START Excerpted records

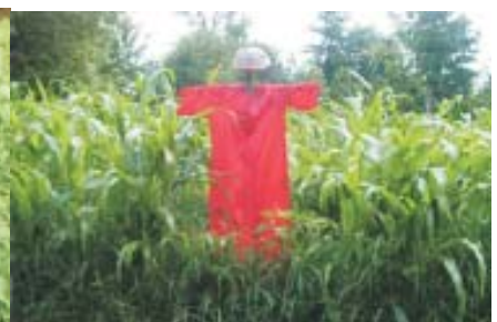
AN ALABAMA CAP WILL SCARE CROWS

END Excerpted records
START Excerpted records

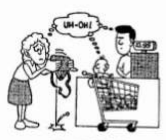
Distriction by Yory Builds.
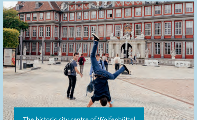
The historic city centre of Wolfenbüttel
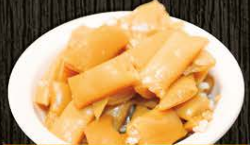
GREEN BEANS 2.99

END Excerpted records
START Excerpted records

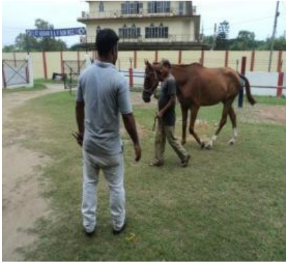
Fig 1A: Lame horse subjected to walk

END Excerpted records

Problem requirements
Whatever pictures the records hold, omit them; give again exactly the lines from the one containing "Distriction by Yory Builds." through the one containing "GREEN BEANS 2.99".

Output for this task
Distriction by Yory Builds.
The historic city centre of Wolfenbüttel
GREEN BEANS 2.99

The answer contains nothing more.